Miles’s lips closed over his teeth in a tight glassy smile. Subordination. The Prince Serg, he reminded himself. Metzov could go drink the fetaine, for all Miles cared, and it would be no skin off his nose. His clean nose, remember?

“Have you never heard of the fine old battlefield practice of shooting the man who disobeys your order, Lieutenant?” Metzov went on to Bonn.

“I . . . don’t think I can make that threat, sir,” said Bonn stiffly.

And besides, thought Miles, we’re not on a battlefield. Are we?

“Techs!” said Metzov in a tone of disgust. “I didn’t say threaten, I said shoot. Make one example, the rest will fall in line.”

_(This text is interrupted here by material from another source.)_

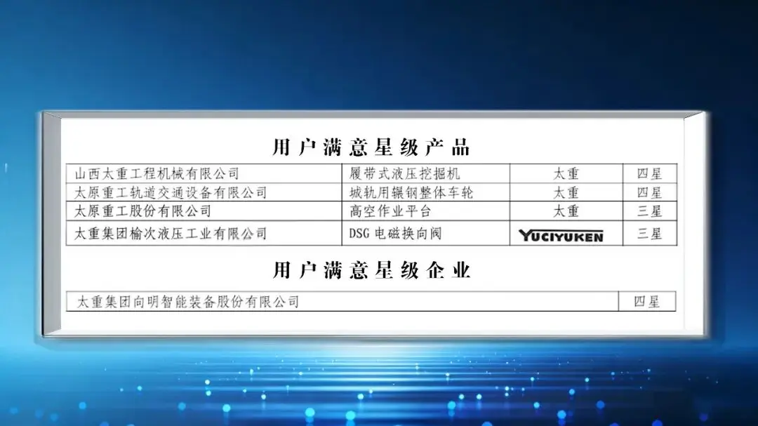 太重集团在2025年满意中国大会上获得多项星级产品认证,旗下的履带式液压挖掘机和城轨用辗钢整体车轮获得四星级评定,高空作业平台和DSG电磁换向阀获得三星级评定,同时太重集团向明智能装备股份有限公司也获得四星级企业评定,体现了太重对用户满意度的重视和强大的制造实力。

Miles decided he didn’t much care for Metzov’s brand of humor, either. Or was the general speaking literally?

“Sir, fetaine is a violent mutagen,” said Bonn doggedly. “I’m not at all sure the rest would fall into line, no matter what the threat. It’s a pretty unreasonable topic. I’m . . . a little unreasonable about it myself.”

“So I see.” Metzov stared at him coldly. His glare passed on to Yaski, who swallowed and stood straighter, his spine offering no concession. Miles tried to cultivate invisibility.

“If you’re going to go on pretending to be military officers, you techs need a lesson in how to extract obedience from your men,” Metzov decided. “Both of you go and assemble your crew in front of Admin in twenty minutes. We’re going to have a little old-fashioned discipline parade.”

“You’re not—seriously thinking of shooting anyone, are you?” said Lieutenant Yaski in alarm.

Metzov smiled sourly. “I doubt I’ll have to.” He regarded Miles. “What’s the outside temperature right now, Weather Officer?”

“Five degrees of frost, sir,” replied Miles, careful now to speak only when spoken to.